A sustentabilidade dos media tarda em chegar, ameaçados pela concorrência das novas plataformas digitais e pela quebra nas receitas publicitárias. Os players do setor nunca enfrentaram tantos desafios como agora e o caminho passa por sucessivos reajustamentos à forma como as condições do mercado evoluem. A reinvenção é uma constante.
"Há uma fragmentação do nível da oferta e uma dispersão ao nível da procura. O que é um desafio, mas também uma oportunidade. Estamos preparados para nos reinventar constantemente", como começou por garantir o CEO da Impresa. Para Francisco Pedro Balsemão, esse processo " requer um grande esforço em pessoas e tecnologia, sobretudo nos media privados. Temos procurado ser os mais racionais possível, com imaginação, e adequar a estrutura e custos a cada momento. É das coisas mais desafiantes, mas também mais interessantes deste negócio. Temos feito um esforço de inovação e temos dado um passo à frente face aos concorrentes".
Olhando para o futuro, o líder da Media Capital não tem dúvidas de que está ainda mais ameaçado pelas tendências de mercado. É o caso da IA, que está a normalizar-se nos grupos de comunicação social. A preocupação aqui tem a ver mais com a publicidade digital, onde sempre tivemos mais dificuldades em concorrer. Pedro Morais Leitão diz que "esta guerra parece estar a travar-se entre as gigantes mundiais da IA, o que cria uma preocupação grande, pois é uma guerra que afeta o mundo da comunicação social em termos globais.
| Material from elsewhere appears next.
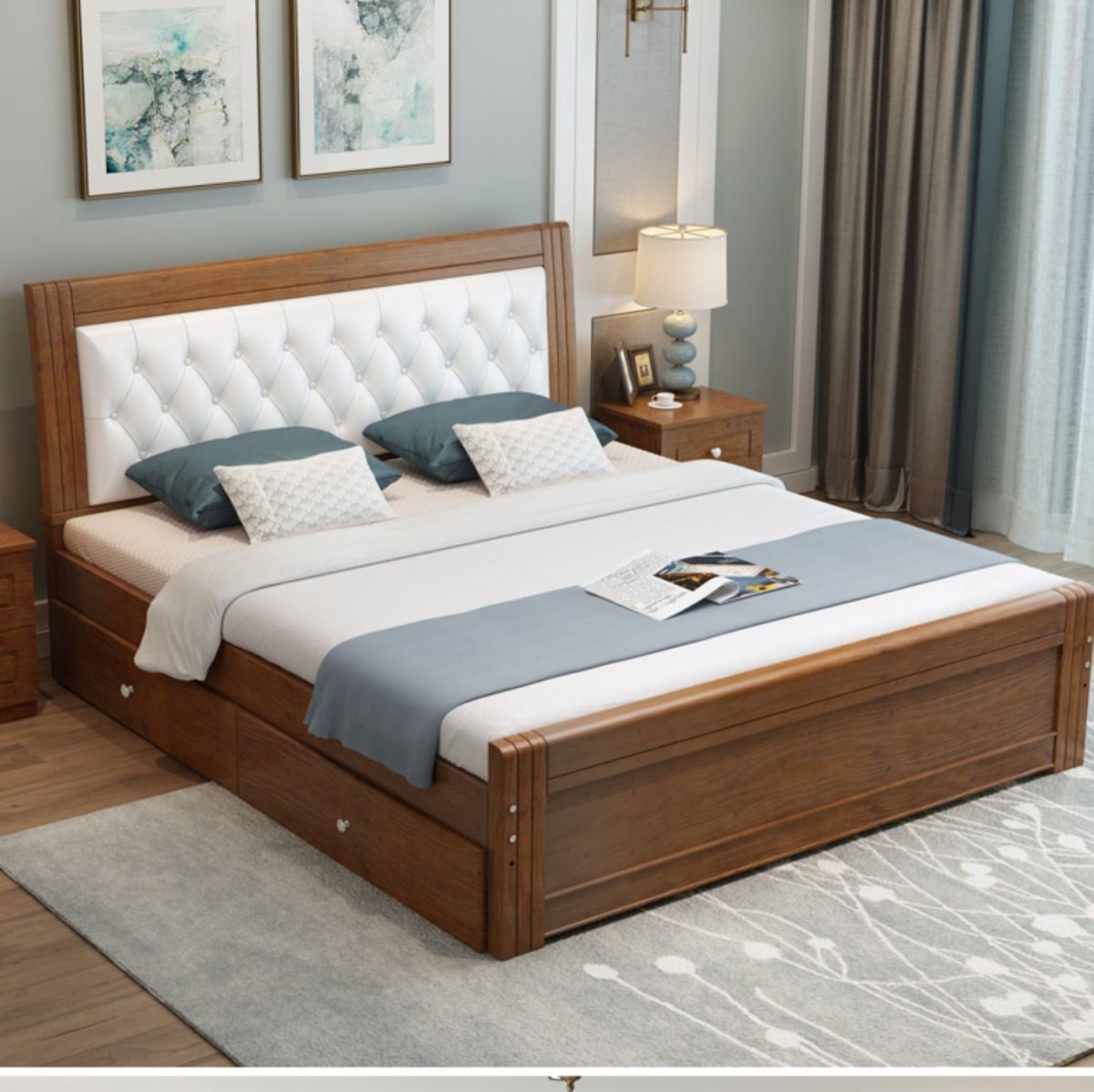 Solid Wood Bed Simple Modern Economical 1.8m Soft-Covered Large Bed 1m Nordic Style Double Bed Economical Bed Frame

Estamos atentos aos que os demais grupos estão a fazer, mas o que pedimos à CE e ao Governo é estarem particularmente atentos, para evitar o caminho das pedras que já seguimos com os motores de busca".
Já Luís Santana, CEO da Medialivre, diz que o grupo aposta "numa equipa muito focada em resultados e trabalhos com objetivos bem definidos. Mas as dificuldades existem, dadas as assimetrias ao nível da concorrência. Não conseguimos competir com as grandes plataformas mundiais e temos novas ameaças com as ofertas de IA". E consegue mostrar-se otimista: "apesar das dificuldades, estou em crer que a comunicação social tem futuro".
Em pleno processo de restruturação, que implica a redução de efetivos, a RTP diz que está a fazer face a "uma estrutura pesada", nas palavras do seu presidente. Segundo Nicolau Santos, há que "mudar o modo de trabalhar, aproximar as redações das diferentes plataformas, entre outras iniciativas. As empresas têm ciclos e há alturas de mudanças - nesse sentido, fizemos um trabalho fantástico. A decisão é na exclusiva competência da Direção da RTP e sem qualquer interferência política".
O gestor referia-se ao processo de demissão da direção de informação da RTP, que tem gerado polémica. "As empresas têm ciclos e António José Teixeira e a sua equipa fizeram um trabalho fantástico. Não é apenas o diretor da televisão que sai, não foi alvo que foi focado", diz, destacando que empresa está "a tentar encontrar fontes alternativas de receita", mas que é preciso "olhar para os custos". Até porque, se nos últimos 15 anos, a RTP teve resultados positivos, "este ano vamos ter resultados significativamente negativos", impactados pelo programa de rescisões voluntárias e pelo investimento. Mas expetativa é regressar aos lucros em 2026.